Думается все же, что Кулешов ничуть не изменял здесь самому боевому авангардизму — он взял на вооружение приемы коллажа. Это, казалось бы, неудивительно: если фильм — о непримиримости жестокой реальности и иллюзорного мирка сладостных выдумок, то монтажные швы между картинами «настоящей» жизни и утешительских миражей просто обязаны быть наглядными, как границы коллажных фактур, склеенных встык, по линии обреза. Так вроде и происходит: ясно, что затейливые кадры киноновеллы «Метаморфоза Джима Валентайна», стилизованные под клише массовой культуры, призваны создавать почти оскорбительный контраст миру, единственным декоративным элементом которого являются разве что тени решеток.

Используя приемы коллажа, Кулешов, однако, не идет по столь первому и очевидному ряду, как сталкивание именно разностильных кусков действия. Тем более — многие отмечали, что «правда жизни» и «ложь беллетриста» выглядят у него равно... искусственно: они созданы общими приемами и потому не слишком контрастируют, а скорее — мягко перетекают друг в друга: "...Нет ощущения, что действительность сменилась вымыслом, а кажется, что кончился мрачный рассказ и начался веселый«3, — писал Осип Брик.

«Строительным материалом» для коллажей Александра Родченко и Варвары Степановой часто служили нарезки фрагментов старорежимных или иных чуждых им газет, афишек, открыток, объявлений. Новый контекст то нарочито обессмысливал этот, как считали мастера, идейный хлам, то рождал самые саркастичные смыслы из как бы случайного переплетения вырезок и заголовков. Обычно осмеивались консервативная эстетика и ее главный символ — Художественный театр.
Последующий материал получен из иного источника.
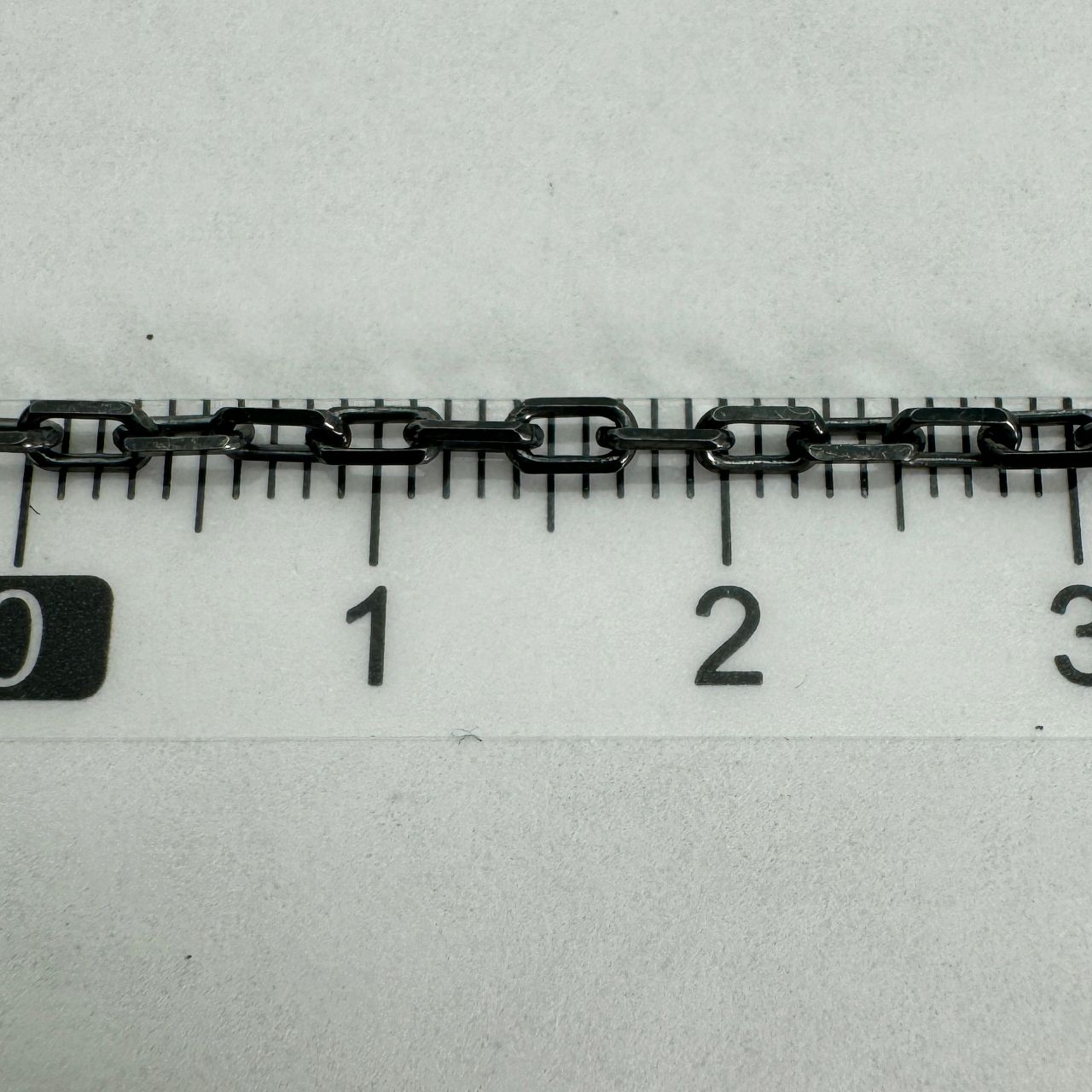 Add to compare list Oxidized Sterling Silver Bulk Chain - 1.5x2mm Small Flat Cable Chain (sold per foot) SKU : 101021-OX OD-2mm long by 1.5mm wide 17 links per inch Log In for Wholesale Prices

Так, на коллаже «Дочь Анго» (Александр Родченко, 1922) сообщение об открытии якобы «543-й» студии М.Х.Т. располагалось на фоне жутковатого фото с леденящей подписью: «Тип каторжницы: душительница». На другом коллаже (Александр Родченко, Варвара Степанова, 1923) рядом с сенсационным изображением чуда природы, «Человека-обезьяны» в цилиндре, вполне издевательски красовалось породистое лицо мхатовского премьера.

Точно так же в общую конструкцию «Великого утешителя» вправлен... словно «вырезанный по контуру» актер Хохлов собственной персоной. Авангардный прием коллажа использован здесь в очень неявных формах и даже изощреннее, чем обычно в кино, где разнохарактерные изображения склеиваются как бы по ходу действия, одно за другим — «по горизонтали», — здесь же коллаж, скорее «вертикальный», прошивающий структуры ленты сверху донизу.

Это «вклеивание» эстетически инородного тела — причем именно буквально рыхловатого тела Константина Хохлова со всеми его въевшимися в актерскую плоть ужимками и приемчиками — в пространство тюремных эпизодов с их коробками камер, где ритмы теней решеток и мерное чередование широких черно-белых полос на робах узников превращают кадры в геометрические композиции, казалось, должно противоречить принципам конструктивизма, заявленным и изобразительным решением фильма, и всей его драматургической сборкой из кубиков-блоков отдельных сюжетов. Напротив, оно словно продлевает это конструктивистское начало, распространяя его на иные сферы и уровни образного воздействия.

В эстетике конструктивизма вещь обязана строиться из несомненно подлинного материала, к тому же в самом себе несущего идентичные ей свойства. Здесь этим материалом является субстанция не только вполне нематериальная, но и воплощающая некую неподлинность — органическое «актерство» исполнителя. Внутренняя фальшивинка, «поддельность» героя, склонного к эффектным позам и велеречивому краснобайству, как бы «сделаны» здесь из самой натуральной... «ненатуральности», выхваченной из реальности и, как в репортажном снимке, перенесенной на пленку «сырой», такой, какая она есть.

Строение ленты, при всей его драматургической замысловатости, весьма рационально: каждый элемент здесь взвешен, рассчитан и вполне поддается не самому сложному логическому истолкованию — иного вроде и не ждешь от конструктивиста Кулешова. Но... для истинного конструктивизма характерна как раз не голая функциональность, а авангардная «стратегия раздражения». Архитекторы-конструктивисты не жаловали, скажем... симметрию — видимая упорядоченность форм вдруг нарушалась в их проектах странными выемками, выступами, клиньями углов, врезанными дисками, вызывающе торчащими цилиндрами и столбиками, так что несведущие граждане презрительно обзывают их сооружения коробками без особых резонов. Резкие беспокойные сдвиги структур, не слишком обоснованные прямыми «функциями» зданий, рождали ощущение стихийной неустойчивости и... излучали некое иррациональное начало — в этих наглядных воплощениях почти казарменного «порядка» клубился бытийный хаос.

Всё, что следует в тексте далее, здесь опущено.